## WORKING DATA
--- START ---

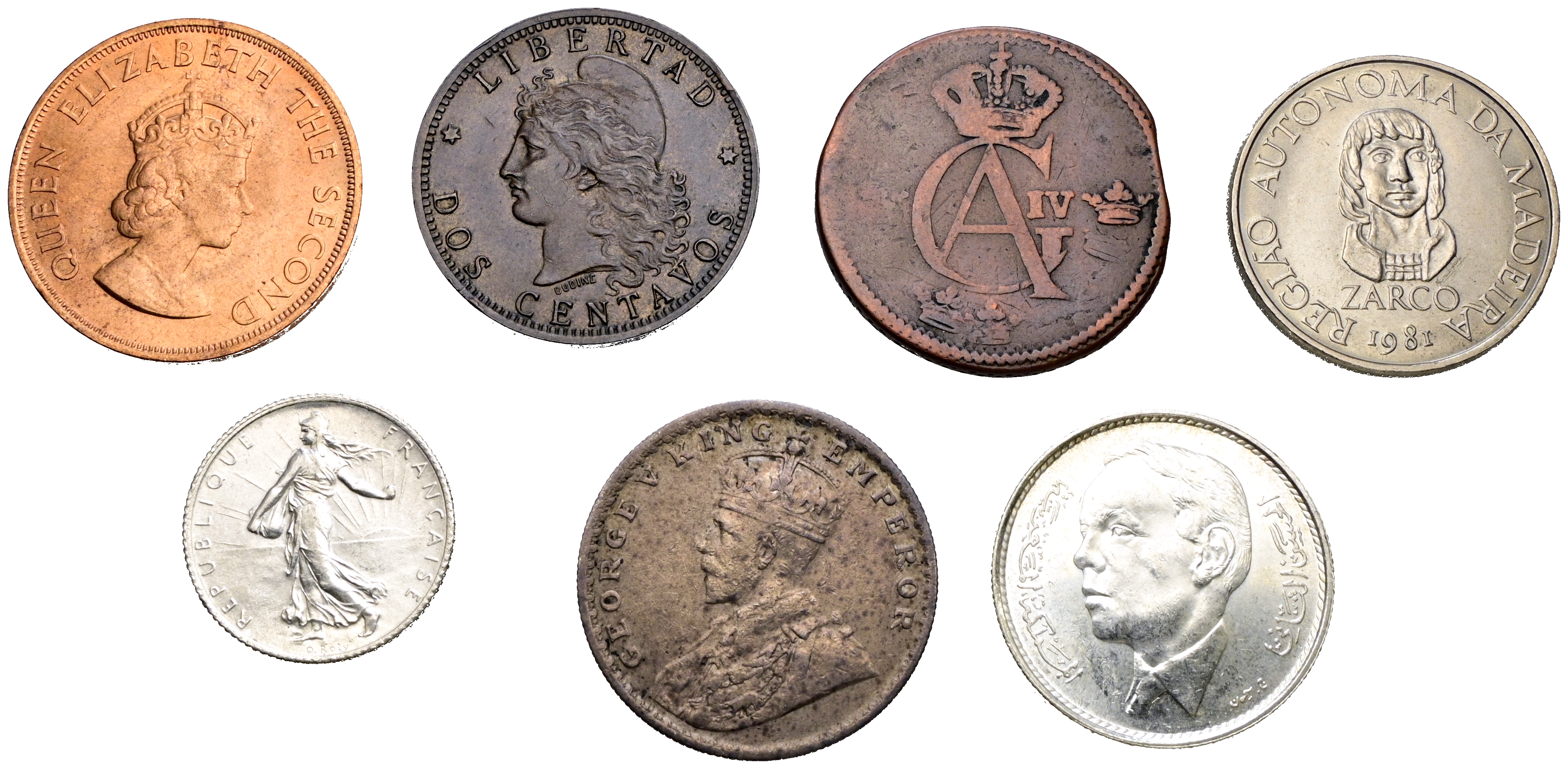 MONEDAS EXTRANJERAS. Precioso conjunto de 7 monedas, 3 de ellas en plata, de diferentes países, módulos y épocas. Diferentes estados de conservación. A EXAMINAR.
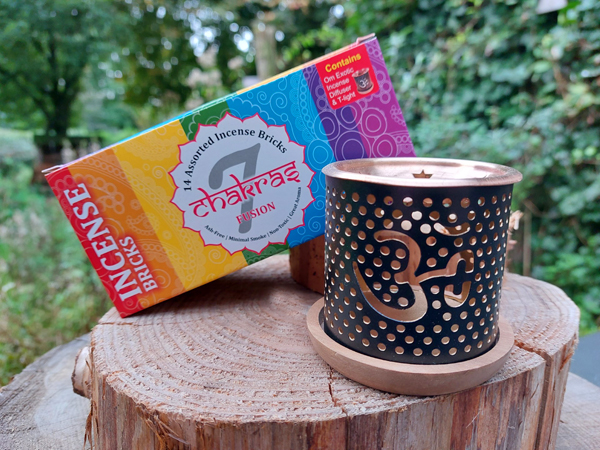 1 Diffuser met een Ohm teken + 7 zakjes A 2 wierookblokjes per zakje.
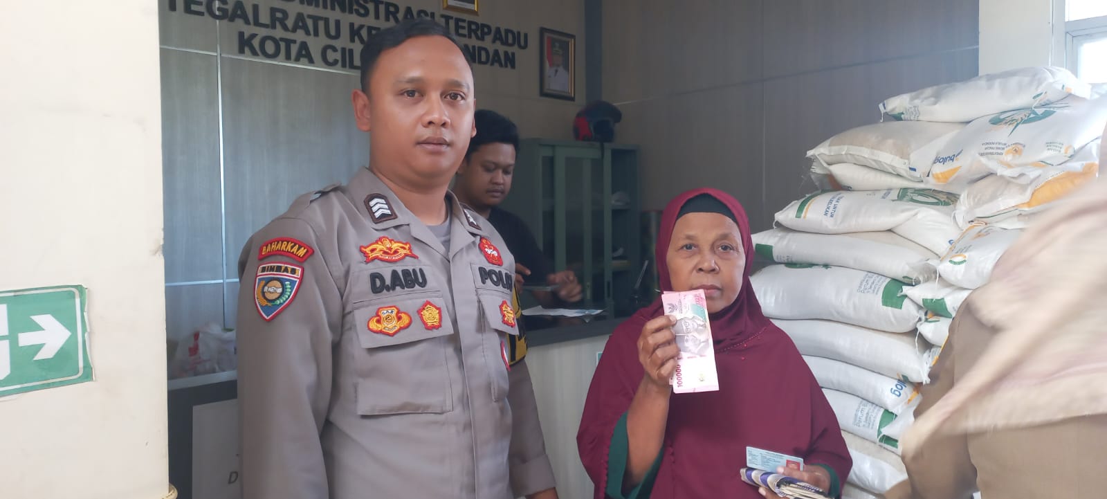Cilegon - Bhabinkamtibmas Kelurahan Tegalratu, BRIGPOL Dede Abu, melaksanakan pengamanan dan monitoring bantuan langsung tunai dari Kementerian Sosial RI di Kantor Kelurahan Tegalratu, Kecamatan Ciwandan, Kota Cilegon, Selasa (25/11/2025).
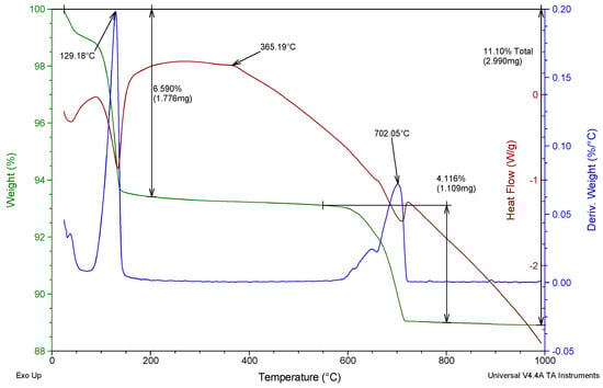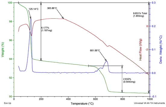 As can be observed, the mass loss and main thermal events of the commercial gypsum and recycled gypsum are presented in Table 6. These data are derived from the thermograms shown in Figure 7 and Figure 8. In both compounds, there is an initial loss of mass corresponding to the dehydration of the gypsum hemihydrate (CaSO4·1/2H2O) to soluble anhydrite III (CaSO4) []. This initial mass variation occurs at a temperature below 200 °C, with a maximum mass loss rate of around 125–130 °C, and similar mass losses of around 10%. Next, in both samples, the exothermic transition from anhydrite III to insoluble anhydrite II can be seen at around 360 °C, with no associated mass loss, indicating that both gypsum samples contain hemihydrate-β. Finally, for both raw materials, a loss of mass between 550 and 800 °C—less than 5% in both compounds—is observed, corresponding to the decomposition of calcium carbonate (CaCO3) present in the gypsum to give rise to calcium oxide (CaO) [,].
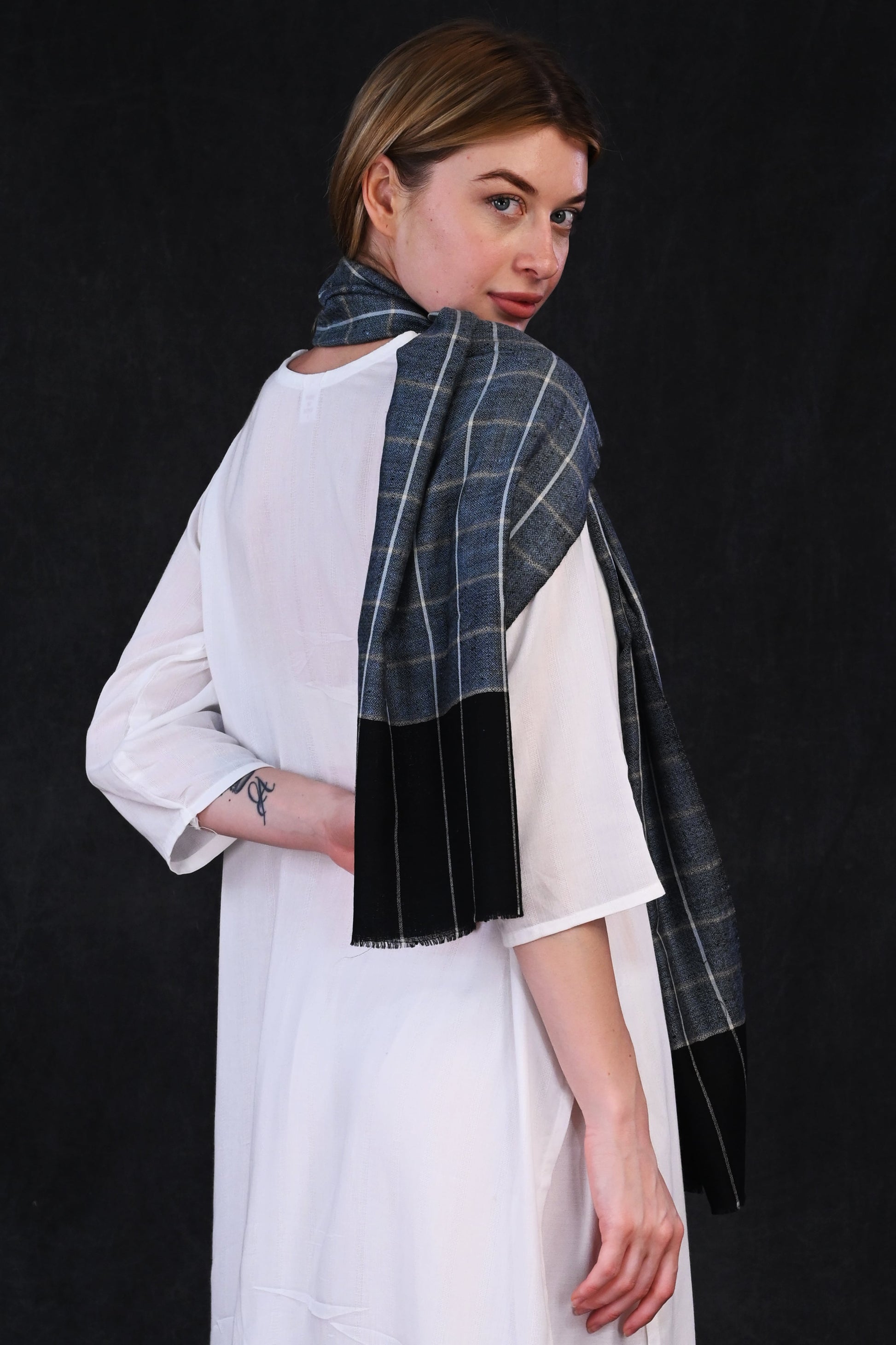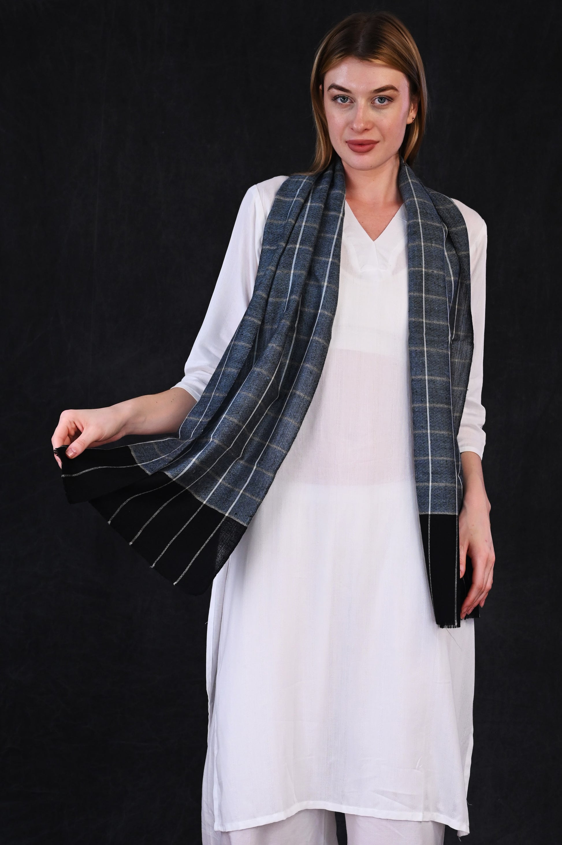 Elevate your winter style with this classic Pashmina Check Muffler, featuring a dual-tone design in deep black and muted grey. The upper section is adorned with slim vertical pinstripes on a bold black backdrop, while the lower half features intricate check patterns with a soft, diamond weave texture. Crafted from luxurious Pashmina wool, this muffler offers unmatched warmth with a lightweight feel—perfect for refined layering in chilly weather.

--- END ---

## TASK PROMPT
Without the pictures, transcribe exactly the lines above from the one containing "Cilegon - Bhabinkamtibmas Kelurahan" through the last.

## ANSWER BELOW
Cilegon - Bhabinkamtibmas Kelurahan Tegalratu, BRIGPOL Dede Abu, melaksanakan pengamanan dan monitoring bantuan langsung tunai dari Kementerian Sosial RI di Kantor Kelurahan Tegalratu, Kecamatan Ciwandan, Kota Cilegon, Selasa (25/11/2025).
 As can be observed, the mass loss and main thermal events of the commercial gypsum and recycled gypsum are presented in Table 6. These data are derived from the thermograms shown in Figure 7 and Figure 8. In both compounds, there is an initial loss of mass corresponding to the dehydration of the gypsum hemihydrate (CaSO4·1/2H2O) to soluble anhydrite III (CaSO4) []. This initial mass variation occurs at a temperature below 200 °C, with a maximum mass loss rate of around 125–130 °C, and similar mass losses of around 10%. Next, in both samples, the exothermic transition from anhydrite III to insoluble anhydrite II can be seen at around 360 °C, with no associated mass loss, indicating that both gypsum samples contain hemihydrate-β. Finally, for both raw materials, a loss of mass between 550 and 800 °C—less than 5% in both compounds—is observed, corresponding to the decomposition of calcium carbonate (CaCO3) present in the gypsum to give rise to calcium oxide (CaO) [,].
 Elevate your winter style with this classic Pashmina Check Muffler, featuring a dual-tone design in deep black and muted grey. The upper section is adorned with slim vertical pinstripes on a bold black backdrop, while the lower half features intricate check patterns with a soft, diamond weave texture. Crafted from luxurious Pashmina wool, this muffler offers unmatched warmth with a lightweight feel—perfect for refined layering in chilly weather.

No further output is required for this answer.